2. Page line 228: Traumatic catheterization can explain a prolonged proteinuria? I supposed that patients received urina catheter at the admission and the first urine sample was taken 8 days after.
3. Page 1 line 39: please cite these works to link references about other organs involvement in COVID 19:

Thakur V, Ratho RK, Kumar P, Bhatia SK, Bora I, Mohi GK, Saxena SK, Devi M, Yadav D, Mehariya S. Multi-Organ Involvement in COVID-19: Beyond Pulmonary Manifestations. J Clin Med. 2021 Jan 24;10(3):446. doi: 10.3390/jcm10030446. PMID: 33498861; PMCID: PMC7866189.

Manganelli F, Vargas M, Iovino A, Iacovazzo C, Santoro L, Servillo G. Brainstem involvement and respiratory failure in COVID-19. Neurol Sci. 2020 Jul;41(7):1663-1665. doi: 10.1007/s10072-020-04487-2. Epub 2020 May 29. PMID: 32472516; PMCID: PMC7256922.

4. Page 2 line 46: Please cite: "Capuano I, Buonanno P, Riccio E, Pisani A. Acute Kidney Injury in COVID-19 Pandemic.
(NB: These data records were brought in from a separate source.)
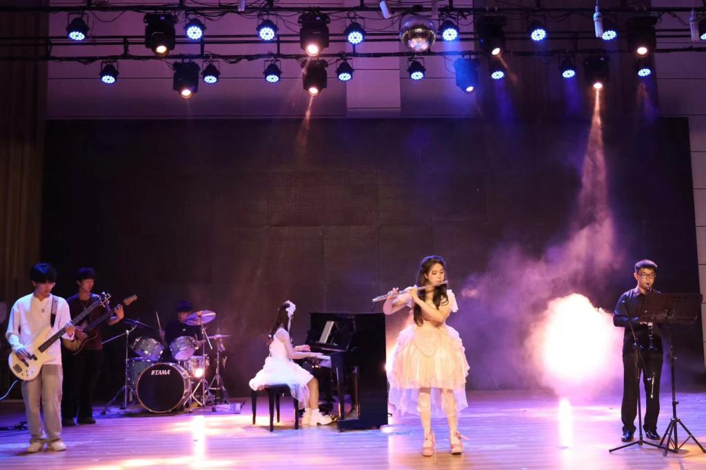本次实践演出之“新”,在于原创作品不断涌现。其中,原创歌曲《时间的加冕》与《第二人称》极具代表性。《第二人称》巧妙融入唢呐元素,将民族乐器与流行乐队相结合,展现了中国传统民族乐器与新时代流行音乐的融合与创新。热烈奔放的民乐合奏《金蛇狂舞》将欢腾气氛与文化特色展现得淋漓尽致,充分反映出学生们积极向上的精神风貌。演奏者们将这一大型乐曲以小规模编排呈现,集中展现了他们卓越的演奏能力和编排水平。长笛单簧管二重奏《告白之夜》,悠扬的长笛与低沉的单簧管完美融合,演奏者别出心裁地辅以流行乐队进行演绎,成功突破了人们对西洋古典乐器的刻板印象。《星空叙爱曲》创新地将男声说唱与女声 vocal 相结合,开头融入剧情演绎,形式新奇独特,尽显我院学子的青春活力。
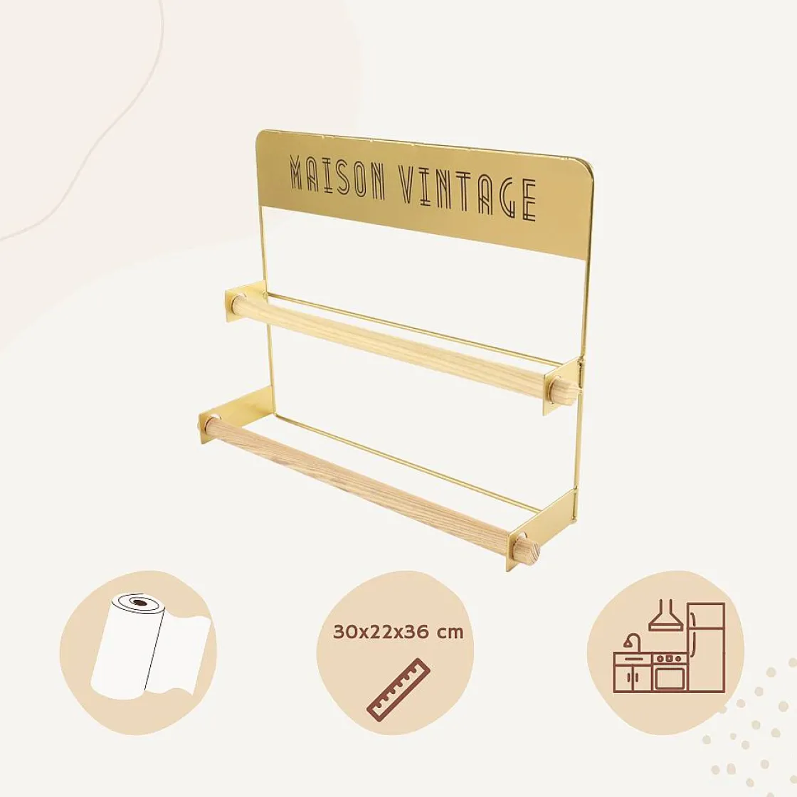 De Orange85 Keukenrolhouder Is Een Oplossing Voor Het Opbergen Van Keukenpapier Rollen. Het Product Is Ontworpen Om Aan De Muur Te Hangen En Biedt Ruimte Voor Meerdere Rollen. De Houder Is Gemaakt Van Goudkleurig Metaal En Heeft Afmetingen Van 35.5 X 9.5 X 28.3 Cm.Keukenrol Houder Van Orange85Keukenrollen Opbergengoudkleurig Designspecificaties Van De Keukenrolhouder:Merk: Orange85Materiaal: Metaal, Houtkleur: Goudafmetingen: 35.5 X 9.5 X 28.3 Cmhet Merk Orange85 Is Vooral Bekend Onder De Categorieen: Sport, Outdoor, Living, Kitchen En Beauty&Care. Het Diverse Aanbod Van Orange85 Bestaat Uit Kwalitatieve En Stijlvolle Producten.
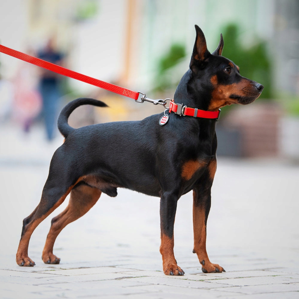 Zaradi kombinacije visokokakovostnih materialov in močnega, stilskega okovja iz titan-sive, lahke kovine, povodci in ovratnice v tej seriji so izjemno funkcionalni. Serija WATERPROOF je na voljo v šestih barvah, vključno s črno. Na zaponko lahko vgravirate podatke o psu. Dodatno vsaki ovratnici dodamo QR identifikator, ki je nekakšna identifikacijska izkaznica psa – Smart ID (to je dodatek k ovratnici, združljiv s samostojno aplikacijo, ki lahko zahteva doplačilo).
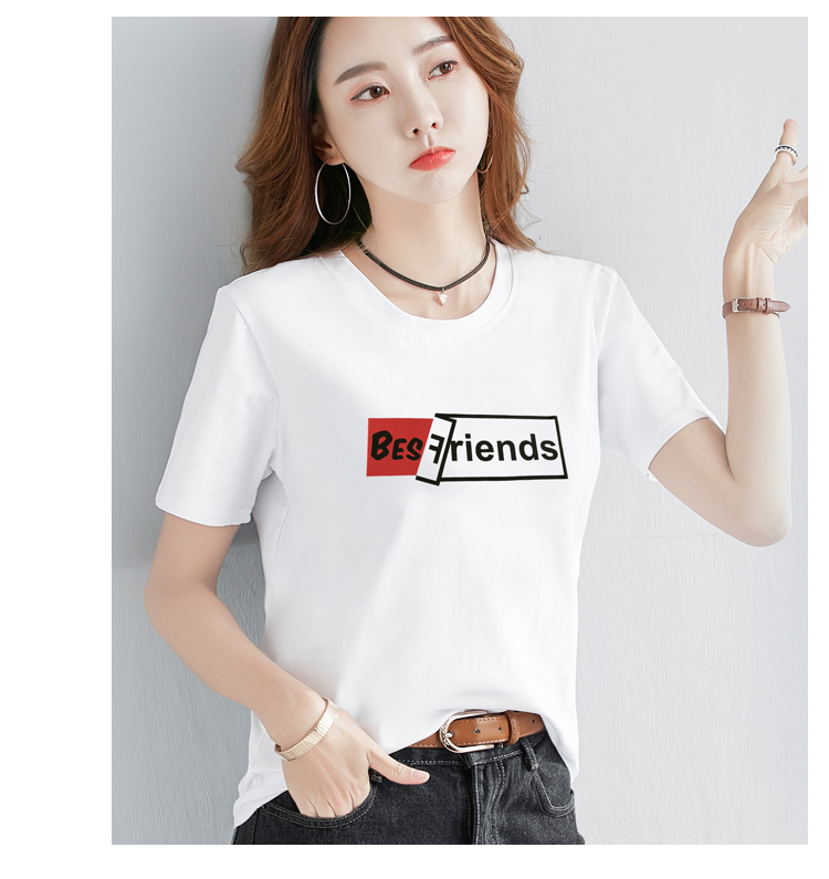 韓范寬松顯瘦t恤女短袖白色半袖夏季簡約字母體恤上衣大碼潮百搭
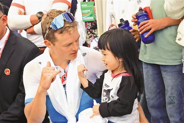 第一賽段第一名、來自飛銳蒙古洲際隊(duì)的LAAS Martin和當(dāng)?shù)睾⒆踊?。記?洛桑平措 謝筱純 王珊 攝

Nephron. 2020;144(7):345-346. doi: 10.1159/000508381. Epub 2020 May 19. PMID: 32428921; PMCID: PMC7270059." where there is an insight of renal tropism of SARS-CoV2 MERS-CoV, and SARS-CoV, the receptors implicated and the potential explanation of different renal involvement in these three correlated viruses.

Reviewer 3 Report

"SARS-CoV2 renal impairment in Critical Care: an observational study of 42 cases (Kidney COVID)" is a critical and timely manuscript. However, the current version of the manuscript has some limitations, and if authors can address the same and make the suggested changes, it would benefit the manuscript.

Major comments:

• In the discussion (lines 245-247), the authors mention that the small sample size did not allow them to perform multivariate analysis. However, authors can use inverse probability treatment weighting (IPTW) to estimate the weights based on available information and conduct an unadjusted logistic regression followed by an adjusted logistic regression (adjusted for weights). It would benefit the manuscript to perform an analysis with renal function reserve as a predictor adjusted for weights.
• I would also recommend the authors perform a similar analysis changing the predictor to hypertension and diabetes, respectively.
• Authors can also perform a weight-adjusted analysis where AKI is the predictor/exposure and mortality as the outcome. 

Adding multivariate analysis would strengthen the robustness of the finding observed in this manuscript.